_REQUIRED WORK_: Check every line below for the string "avec". Copy the ones that have it.

_STORED DATA_:

-.-.-

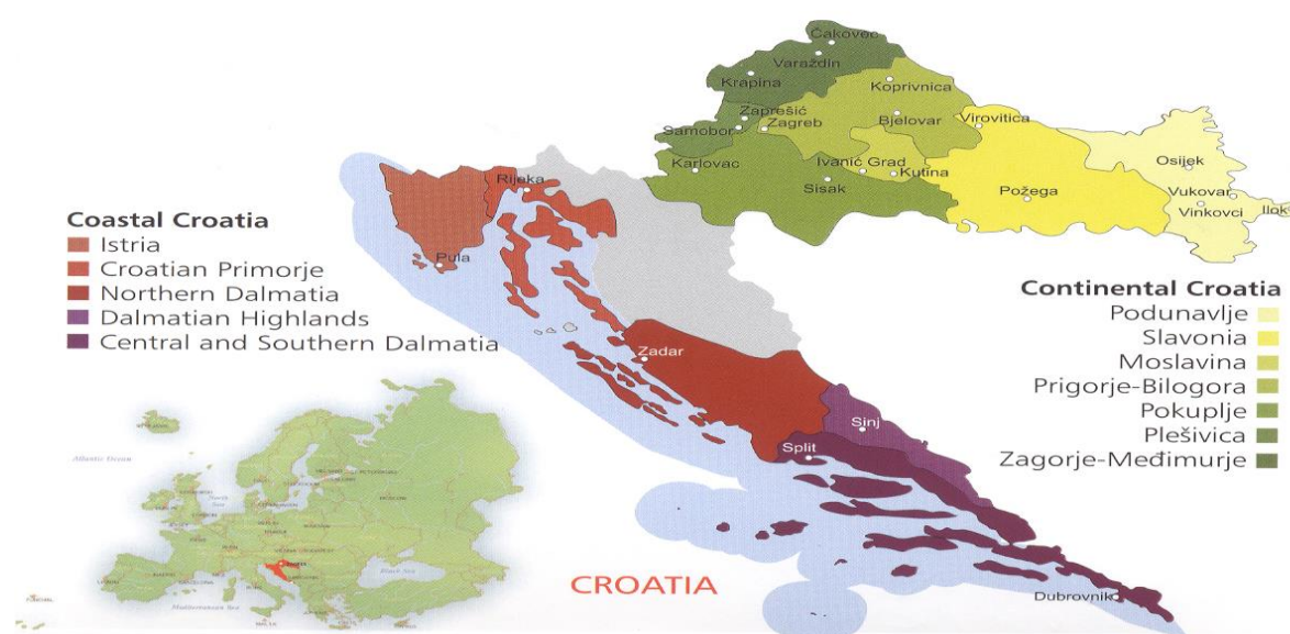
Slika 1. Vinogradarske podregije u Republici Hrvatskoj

-.-.-

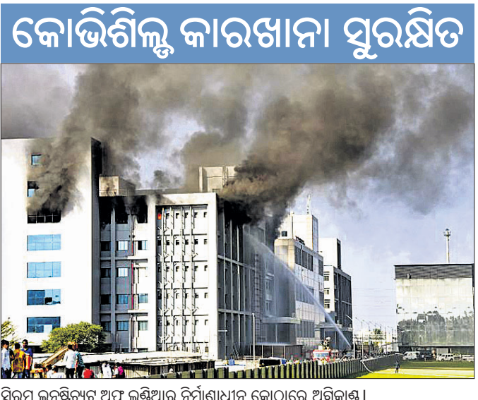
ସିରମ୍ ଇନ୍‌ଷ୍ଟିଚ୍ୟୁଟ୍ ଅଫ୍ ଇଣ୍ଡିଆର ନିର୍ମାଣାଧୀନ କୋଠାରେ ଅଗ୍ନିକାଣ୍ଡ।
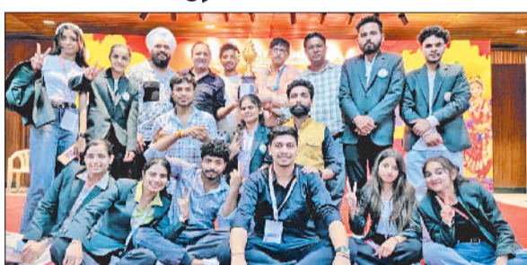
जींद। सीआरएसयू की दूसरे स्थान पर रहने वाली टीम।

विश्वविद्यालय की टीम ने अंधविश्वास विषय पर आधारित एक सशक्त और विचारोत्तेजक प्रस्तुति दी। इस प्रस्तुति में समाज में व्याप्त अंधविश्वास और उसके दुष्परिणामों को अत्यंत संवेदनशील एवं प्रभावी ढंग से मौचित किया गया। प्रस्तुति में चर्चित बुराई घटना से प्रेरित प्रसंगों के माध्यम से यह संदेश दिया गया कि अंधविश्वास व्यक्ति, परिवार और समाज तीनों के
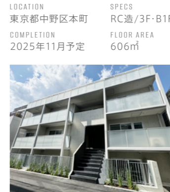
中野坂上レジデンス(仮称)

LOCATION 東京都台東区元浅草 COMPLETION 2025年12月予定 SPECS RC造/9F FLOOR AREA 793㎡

-.-.-

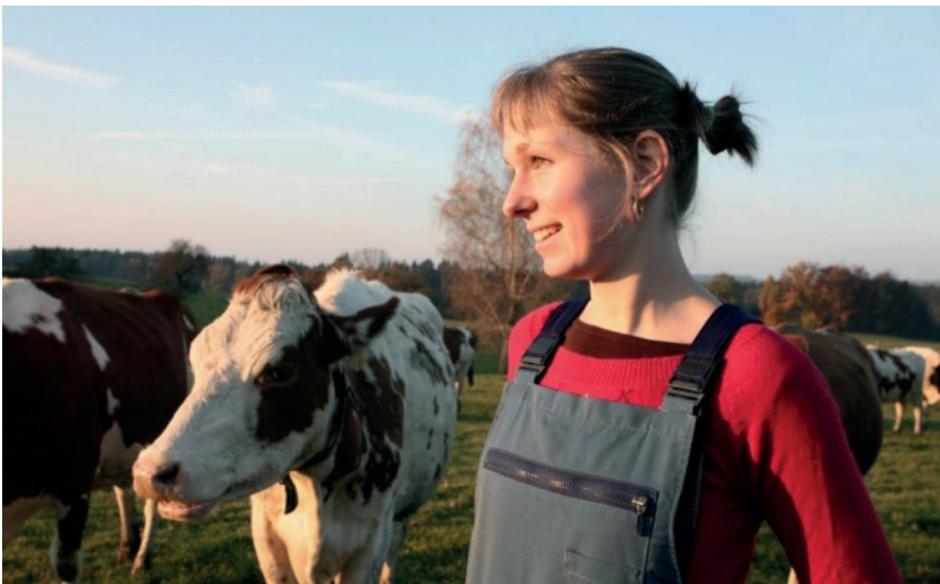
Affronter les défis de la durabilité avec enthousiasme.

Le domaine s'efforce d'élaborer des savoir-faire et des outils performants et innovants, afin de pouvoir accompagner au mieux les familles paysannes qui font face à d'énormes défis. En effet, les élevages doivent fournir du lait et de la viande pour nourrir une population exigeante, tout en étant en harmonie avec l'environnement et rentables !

-.-.-

_PROBLEM SOLUTION_:
Affronter les défis de la durabilité avec enthousiasme.
Le domaine s'efforce d'élaborer des savoir-faire et des outils performants et innovants, afin de pouvoir accompagner au mieux les familles paysannes qui font face à d'énormes défis. En effet, les élevages doivent fournir du lait et de la viande pour nourrir une population exigeante, tout en étant en harmonie avec l'environnement et rentables !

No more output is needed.